__Exercise__:
The expected output is exactly the lines below, starting at the line with "饶本东(左)出庭公诉一起职务犯罪案" and ending at the line with "尾の付け根にある鯨の大トロ。 幻と言われるほどの希少部位。 刺身やタタキがおすすめです。", both included; no other line belongs in it.

Excerpts from a dataset:
====

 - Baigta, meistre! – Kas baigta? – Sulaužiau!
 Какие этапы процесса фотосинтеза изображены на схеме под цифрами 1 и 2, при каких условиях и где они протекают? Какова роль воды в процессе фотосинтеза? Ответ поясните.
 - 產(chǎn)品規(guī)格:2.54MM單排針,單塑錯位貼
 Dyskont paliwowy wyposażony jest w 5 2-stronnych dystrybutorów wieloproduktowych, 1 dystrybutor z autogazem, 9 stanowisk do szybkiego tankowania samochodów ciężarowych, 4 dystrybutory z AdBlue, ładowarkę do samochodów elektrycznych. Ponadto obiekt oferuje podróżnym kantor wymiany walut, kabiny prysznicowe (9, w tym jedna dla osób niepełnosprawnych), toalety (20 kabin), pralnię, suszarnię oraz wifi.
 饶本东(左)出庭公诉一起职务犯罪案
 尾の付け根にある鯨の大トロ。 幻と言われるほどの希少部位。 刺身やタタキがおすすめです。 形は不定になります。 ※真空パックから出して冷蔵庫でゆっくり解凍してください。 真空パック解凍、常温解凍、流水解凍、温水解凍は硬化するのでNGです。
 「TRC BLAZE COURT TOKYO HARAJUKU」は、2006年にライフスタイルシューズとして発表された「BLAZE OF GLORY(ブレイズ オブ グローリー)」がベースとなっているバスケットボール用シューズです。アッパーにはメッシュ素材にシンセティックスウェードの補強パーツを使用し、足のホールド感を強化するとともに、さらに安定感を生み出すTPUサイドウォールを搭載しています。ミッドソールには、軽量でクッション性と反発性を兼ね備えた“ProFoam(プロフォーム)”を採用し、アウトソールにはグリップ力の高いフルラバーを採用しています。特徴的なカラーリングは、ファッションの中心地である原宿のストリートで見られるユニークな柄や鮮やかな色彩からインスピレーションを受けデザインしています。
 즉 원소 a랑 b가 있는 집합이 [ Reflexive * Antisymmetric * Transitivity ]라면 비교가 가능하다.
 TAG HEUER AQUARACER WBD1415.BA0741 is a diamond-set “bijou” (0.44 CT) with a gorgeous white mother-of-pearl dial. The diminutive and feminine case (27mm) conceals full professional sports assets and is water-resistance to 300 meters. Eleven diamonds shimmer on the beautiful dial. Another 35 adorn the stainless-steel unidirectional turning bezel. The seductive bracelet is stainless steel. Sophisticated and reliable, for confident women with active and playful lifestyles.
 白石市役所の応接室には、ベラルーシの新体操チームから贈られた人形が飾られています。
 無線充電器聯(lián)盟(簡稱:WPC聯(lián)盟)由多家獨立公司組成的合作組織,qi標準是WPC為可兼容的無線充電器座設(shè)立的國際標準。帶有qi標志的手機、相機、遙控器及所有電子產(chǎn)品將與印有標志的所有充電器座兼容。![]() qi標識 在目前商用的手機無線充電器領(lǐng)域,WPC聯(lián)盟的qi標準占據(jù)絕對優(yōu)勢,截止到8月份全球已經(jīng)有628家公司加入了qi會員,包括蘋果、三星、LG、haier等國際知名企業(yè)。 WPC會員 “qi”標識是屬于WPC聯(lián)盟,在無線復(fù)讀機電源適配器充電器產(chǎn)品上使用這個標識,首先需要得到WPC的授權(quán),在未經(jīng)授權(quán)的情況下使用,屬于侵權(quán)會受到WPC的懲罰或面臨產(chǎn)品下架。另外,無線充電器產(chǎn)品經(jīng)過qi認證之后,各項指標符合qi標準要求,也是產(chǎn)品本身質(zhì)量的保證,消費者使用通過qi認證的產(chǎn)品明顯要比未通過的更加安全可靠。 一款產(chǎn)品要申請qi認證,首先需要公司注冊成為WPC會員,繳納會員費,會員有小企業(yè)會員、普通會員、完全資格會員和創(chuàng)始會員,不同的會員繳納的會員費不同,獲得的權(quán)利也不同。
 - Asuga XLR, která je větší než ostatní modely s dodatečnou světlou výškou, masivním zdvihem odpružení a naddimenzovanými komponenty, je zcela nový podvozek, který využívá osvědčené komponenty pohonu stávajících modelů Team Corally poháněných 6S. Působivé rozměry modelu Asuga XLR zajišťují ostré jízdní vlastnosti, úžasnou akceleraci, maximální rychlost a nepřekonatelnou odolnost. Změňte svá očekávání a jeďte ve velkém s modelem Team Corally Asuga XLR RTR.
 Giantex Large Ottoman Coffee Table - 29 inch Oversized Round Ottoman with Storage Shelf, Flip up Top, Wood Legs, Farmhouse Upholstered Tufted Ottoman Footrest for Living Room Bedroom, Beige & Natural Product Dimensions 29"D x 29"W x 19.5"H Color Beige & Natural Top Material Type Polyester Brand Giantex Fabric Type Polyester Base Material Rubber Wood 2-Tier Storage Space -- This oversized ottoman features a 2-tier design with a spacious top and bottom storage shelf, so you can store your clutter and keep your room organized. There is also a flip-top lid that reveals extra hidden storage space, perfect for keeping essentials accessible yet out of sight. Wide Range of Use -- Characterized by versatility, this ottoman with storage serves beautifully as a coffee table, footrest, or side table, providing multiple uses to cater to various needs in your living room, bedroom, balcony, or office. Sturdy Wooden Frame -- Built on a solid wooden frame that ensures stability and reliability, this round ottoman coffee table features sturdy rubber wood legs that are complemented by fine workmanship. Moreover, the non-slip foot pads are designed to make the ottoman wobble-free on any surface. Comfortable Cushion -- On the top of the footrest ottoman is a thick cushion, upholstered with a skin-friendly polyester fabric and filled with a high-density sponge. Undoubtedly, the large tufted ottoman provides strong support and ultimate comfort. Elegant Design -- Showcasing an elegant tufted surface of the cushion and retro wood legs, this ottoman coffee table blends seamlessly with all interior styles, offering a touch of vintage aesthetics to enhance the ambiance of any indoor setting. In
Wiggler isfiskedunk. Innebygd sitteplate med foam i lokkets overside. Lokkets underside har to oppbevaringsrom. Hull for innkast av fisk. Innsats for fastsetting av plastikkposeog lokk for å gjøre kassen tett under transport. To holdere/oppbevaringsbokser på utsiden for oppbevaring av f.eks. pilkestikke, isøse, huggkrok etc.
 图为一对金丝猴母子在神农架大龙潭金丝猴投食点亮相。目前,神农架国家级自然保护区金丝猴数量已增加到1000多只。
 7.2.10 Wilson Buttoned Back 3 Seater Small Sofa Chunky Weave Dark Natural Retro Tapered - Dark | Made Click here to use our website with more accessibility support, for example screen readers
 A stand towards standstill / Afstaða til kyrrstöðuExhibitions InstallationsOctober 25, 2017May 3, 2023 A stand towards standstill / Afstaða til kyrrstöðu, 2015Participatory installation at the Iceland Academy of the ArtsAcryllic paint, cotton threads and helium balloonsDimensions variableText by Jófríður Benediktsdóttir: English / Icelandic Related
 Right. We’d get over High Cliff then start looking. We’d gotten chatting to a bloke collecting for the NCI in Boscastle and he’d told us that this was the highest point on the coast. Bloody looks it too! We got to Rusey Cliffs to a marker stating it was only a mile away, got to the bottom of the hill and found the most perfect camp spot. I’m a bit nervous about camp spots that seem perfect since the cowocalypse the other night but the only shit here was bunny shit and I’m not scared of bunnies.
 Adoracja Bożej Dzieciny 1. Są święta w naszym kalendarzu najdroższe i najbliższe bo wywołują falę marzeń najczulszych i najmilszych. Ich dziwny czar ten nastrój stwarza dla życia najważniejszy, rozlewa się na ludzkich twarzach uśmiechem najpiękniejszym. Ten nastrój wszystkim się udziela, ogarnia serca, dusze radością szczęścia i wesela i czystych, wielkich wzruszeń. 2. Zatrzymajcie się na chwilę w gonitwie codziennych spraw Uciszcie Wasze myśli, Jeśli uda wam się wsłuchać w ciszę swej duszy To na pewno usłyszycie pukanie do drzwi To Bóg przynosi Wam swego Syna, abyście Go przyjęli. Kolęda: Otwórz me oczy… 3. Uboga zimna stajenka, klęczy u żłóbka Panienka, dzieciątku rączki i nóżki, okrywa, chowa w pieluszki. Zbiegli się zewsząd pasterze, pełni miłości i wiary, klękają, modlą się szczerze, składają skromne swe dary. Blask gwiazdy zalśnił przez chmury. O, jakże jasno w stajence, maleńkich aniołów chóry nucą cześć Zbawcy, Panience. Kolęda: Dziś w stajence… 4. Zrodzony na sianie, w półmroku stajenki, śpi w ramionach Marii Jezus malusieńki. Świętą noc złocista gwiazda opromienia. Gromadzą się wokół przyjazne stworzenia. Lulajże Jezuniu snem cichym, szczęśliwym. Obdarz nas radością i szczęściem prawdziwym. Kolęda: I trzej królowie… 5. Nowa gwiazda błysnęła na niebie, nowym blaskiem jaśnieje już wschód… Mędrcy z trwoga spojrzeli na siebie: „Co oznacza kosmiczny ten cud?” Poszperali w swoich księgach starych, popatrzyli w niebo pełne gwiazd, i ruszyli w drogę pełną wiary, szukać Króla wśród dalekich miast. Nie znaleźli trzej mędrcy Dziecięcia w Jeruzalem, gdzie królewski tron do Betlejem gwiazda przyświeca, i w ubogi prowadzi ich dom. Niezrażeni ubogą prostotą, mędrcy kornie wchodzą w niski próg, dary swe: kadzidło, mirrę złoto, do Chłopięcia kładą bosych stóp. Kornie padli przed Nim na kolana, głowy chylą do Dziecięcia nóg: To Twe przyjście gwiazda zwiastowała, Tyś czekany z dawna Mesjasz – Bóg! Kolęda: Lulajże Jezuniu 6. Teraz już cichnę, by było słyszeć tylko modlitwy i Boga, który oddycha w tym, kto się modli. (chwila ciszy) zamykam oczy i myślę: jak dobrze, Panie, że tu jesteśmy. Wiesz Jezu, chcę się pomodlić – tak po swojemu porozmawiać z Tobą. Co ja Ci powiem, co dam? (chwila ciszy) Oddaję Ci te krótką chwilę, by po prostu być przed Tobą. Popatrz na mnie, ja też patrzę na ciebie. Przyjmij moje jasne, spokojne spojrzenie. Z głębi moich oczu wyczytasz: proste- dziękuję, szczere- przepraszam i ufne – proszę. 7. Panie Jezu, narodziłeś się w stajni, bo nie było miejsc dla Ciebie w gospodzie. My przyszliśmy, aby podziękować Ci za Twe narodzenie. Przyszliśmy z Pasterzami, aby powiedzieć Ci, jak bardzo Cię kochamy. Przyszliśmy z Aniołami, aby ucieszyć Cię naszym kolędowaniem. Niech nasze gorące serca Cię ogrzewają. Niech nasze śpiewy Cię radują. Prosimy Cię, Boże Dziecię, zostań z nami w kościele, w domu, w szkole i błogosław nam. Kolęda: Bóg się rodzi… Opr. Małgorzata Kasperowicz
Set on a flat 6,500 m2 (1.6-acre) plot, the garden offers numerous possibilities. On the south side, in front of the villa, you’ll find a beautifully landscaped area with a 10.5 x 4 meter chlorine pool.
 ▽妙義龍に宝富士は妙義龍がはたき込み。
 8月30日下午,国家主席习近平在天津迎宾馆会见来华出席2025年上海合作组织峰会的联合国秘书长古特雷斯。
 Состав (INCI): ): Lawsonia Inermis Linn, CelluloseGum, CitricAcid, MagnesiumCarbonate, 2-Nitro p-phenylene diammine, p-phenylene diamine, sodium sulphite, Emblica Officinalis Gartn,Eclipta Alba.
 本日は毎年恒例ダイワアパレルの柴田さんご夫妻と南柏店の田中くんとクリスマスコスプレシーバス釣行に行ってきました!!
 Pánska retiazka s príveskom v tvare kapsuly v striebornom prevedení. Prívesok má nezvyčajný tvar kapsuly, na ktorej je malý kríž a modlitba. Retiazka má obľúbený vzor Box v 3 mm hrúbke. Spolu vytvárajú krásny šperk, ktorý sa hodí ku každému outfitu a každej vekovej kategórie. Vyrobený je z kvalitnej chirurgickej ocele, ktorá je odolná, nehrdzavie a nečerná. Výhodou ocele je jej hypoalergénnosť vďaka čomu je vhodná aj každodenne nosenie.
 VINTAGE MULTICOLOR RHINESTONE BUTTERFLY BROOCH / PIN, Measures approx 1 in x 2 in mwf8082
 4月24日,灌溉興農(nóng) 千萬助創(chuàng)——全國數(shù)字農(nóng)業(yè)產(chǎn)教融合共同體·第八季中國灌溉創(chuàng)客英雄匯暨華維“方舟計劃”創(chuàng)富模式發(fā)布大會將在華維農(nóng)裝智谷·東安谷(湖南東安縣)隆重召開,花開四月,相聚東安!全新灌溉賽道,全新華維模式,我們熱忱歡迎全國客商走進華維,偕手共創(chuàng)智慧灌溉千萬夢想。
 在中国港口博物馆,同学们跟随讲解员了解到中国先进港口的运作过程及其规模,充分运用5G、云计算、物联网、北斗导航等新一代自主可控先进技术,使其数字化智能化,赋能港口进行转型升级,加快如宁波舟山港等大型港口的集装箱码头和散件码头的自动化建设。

====

__Completed task__:
 饶本东(左)出庭公诉一起职务犯罪案
 尾の付け根にある鯨の大トロ。 幻と言われるほどの希少部位。 刺身やタタキがおすすめです。 形は不定になります。 ※真空パックから出して冷蔵庫でゆっくり解凍してください。 真空パック解凍、常温解凍、流水解凍、温水解凍は硬化するのでNGです。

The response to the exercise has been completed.